Turning her phone off, Skylar reached up and put it on the counter. She didn’t want to know if anyone else was trying to contact her. She just needed to be alone.
Once she’d been tested, she should have caught the first flight back to Las Vegas and her calm, solitary life there.
It wasn’t that she didn’t want to be there for Shiloh and her family. It was just so hard to not be there as the mother to the child she’d given birth to. And she didn’t know how to deal with that.
And it had been so hard to look at Shiloh and see only a shadow of her previous vibrant personality and healthy body. Her baby was in the fight for her life, and Skylar didn’t know how to help her.
Out of the blue, tears flooded her eyes, making her equal parts angry and sad. The wall she’d worked hard to put up around the deep emotions she’d felt in the weeks and months after Shiloh’s birth had been shattered.
That was not good. Especially if she was going to have to continue to interact with Aiden and Shiloh.
If Skylar had realized how much revealing Shiloh’s parentage to her would devastate her, she would have fought harder against that happening. But it was too late now.
Anger flooded her then. Anger at Aiden for how he’d treated her. Anger at herself for not being strong enough to keep her baby, the way Charli had kept Layla. Anger at cancer for invading her child’s body. And anger at cancer for having brought Aiden back into her life.
How could she get rid of the anger and regret? The guilt and the hurt?
The words she’d thrown at Aiden came back to her as she sat there, and part of her regretted them. But another part of her felt like he needed to know exactly how much he’d hurt her.
Though he’d seen her hurt when he’d broken up with her, she’d had to tell him about the baby over a text because he refused her calls. He’d needed to know the pain she’d felt at having to give up their child. How shattered she’d been, not just by the breakup but by his words when she’d told him about the pregnancy.
The fact that Shiloh knew who they were now didn’t magically make everything better. In fact, right then, it felt like everything was worse.
Skylar had no idea how long she’d sat there when she became aware that her behind was going numb from the hard floor. Her emotional outburst had drained her energy, and it took a lot of effort to get herself up off the floor.
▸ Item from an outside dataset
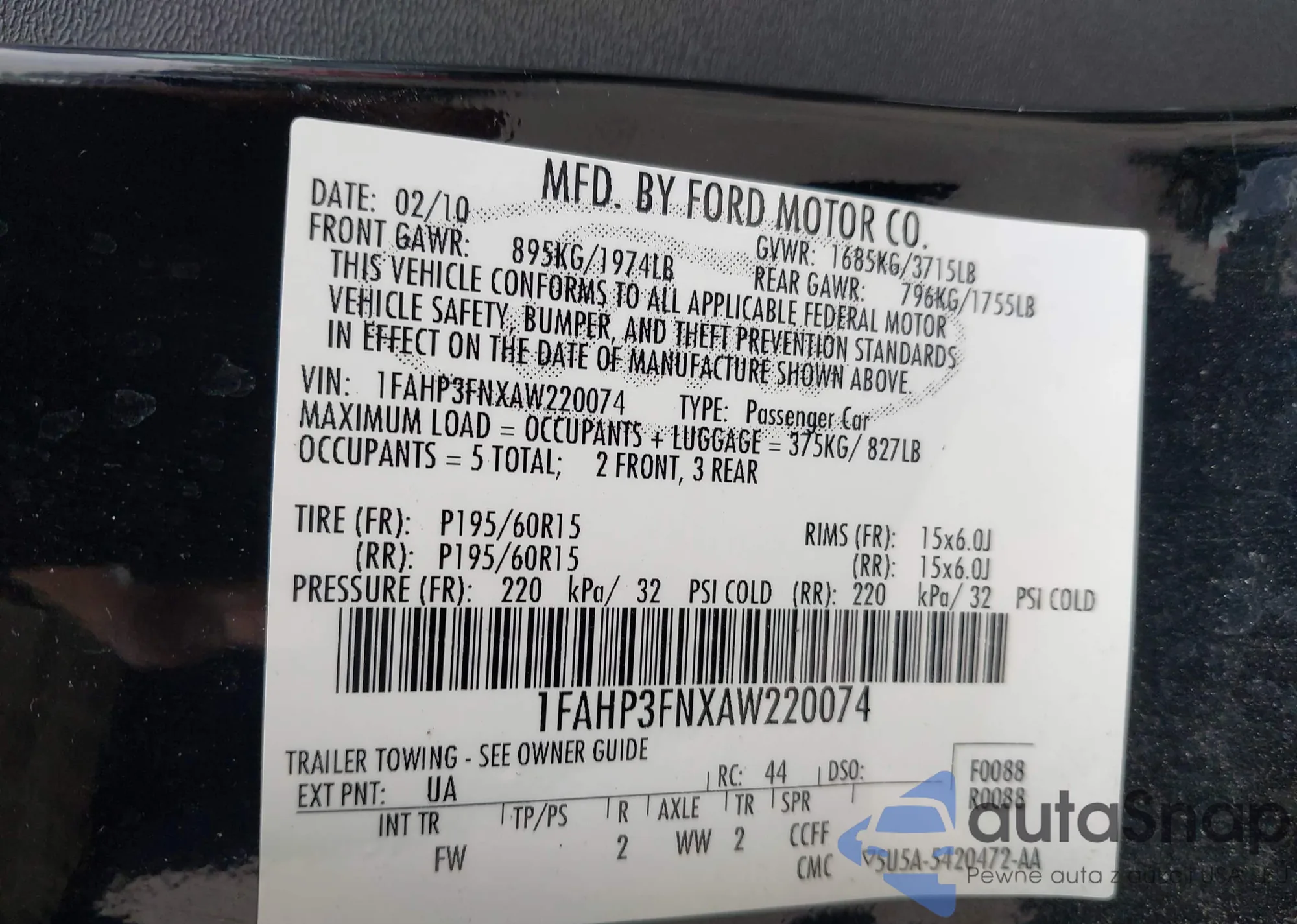 • VIN 1FAHP3FNXAW220074

When she was finally on her feet, Skylar decided that she was just going to go to bed. She didn’t have the emotional capacity to have a conversation with anyone.
Grabbing her phone from the counter, she left the bathroom without removing her makeup or even brushing her teeth. She peeled off her clothes, leaving them strewn across the floor in a manner that was very much unlike her. Then, clad in just her underwear, she climbed under the covers.
Once she was settled, she turned her phone back on and sent a message to her mom that she was going to bed and would talk to her the next day.
Skylar saw there was a missed call from Charli, as well as a text message, but Skylar didn’t read it or call her back. She would deal with everything the next day.
Hopefully, a good night’s sleep would help her shore up her defenses.
After a restless night, Skylar dragged herself out of bed just as the sun was rising. Though she was exhausted on every level, she dressed in her running clothes and shoes. She didn’t fix her messy braid or wipe away her smeared mascara before grabbing her phone and earbuds and leaving her room.
The house was quiet as she headed down the stairs on light feet. She went into the darkened kitchen to get a drink of water, then let herself out of the house.
The early morning hour was cool and quiet, which her mind most definitely still wasn’t. She stretched a little, trying to limber up her legs before setting out.
When she was finally running, she tried to let the music in her ears and the rhythm of her stride soothe her. And for the most part, it worked.
Twenty minutes into her run, she was so in the zone that when a bird flew across the road in front of her, it scared the life out of her. Her instinct was to step away from the bird, and without watching where she was going, her foot landed on the edge of the asphalt.
A tearing pain shot through her ankle as it twisted sideways, and she landed on her hip on the packed dirt mixed with gravel that ran alongside the road. Panting, she rolled onto her back and stared up at the sky that had lightened to a clear blue while she’d been running.
“Ahhhhhhhh!” She pounded her fists on the ground. “Ahhhhhhhhhhhhh!”
It felt like the rotten cherry on top of a wretched sundae. Tears filled her eyes, blurring the sky.
“Why, God?” The question was yelled at the sky, and had anyone been in the area, they probably would have thought she was crazy.
It felt like the world was conspiring against her lately. Nothing was going right.
And even though she wasn’t the one in the family with a medical degree, she was fairly certain that her ankle was pretty messed up. If it wasn’t broken, it was likely badly sprained.
Either way, she wasn’t going to be able to escape back to Vegas or go back to work as soon as she’d hoped.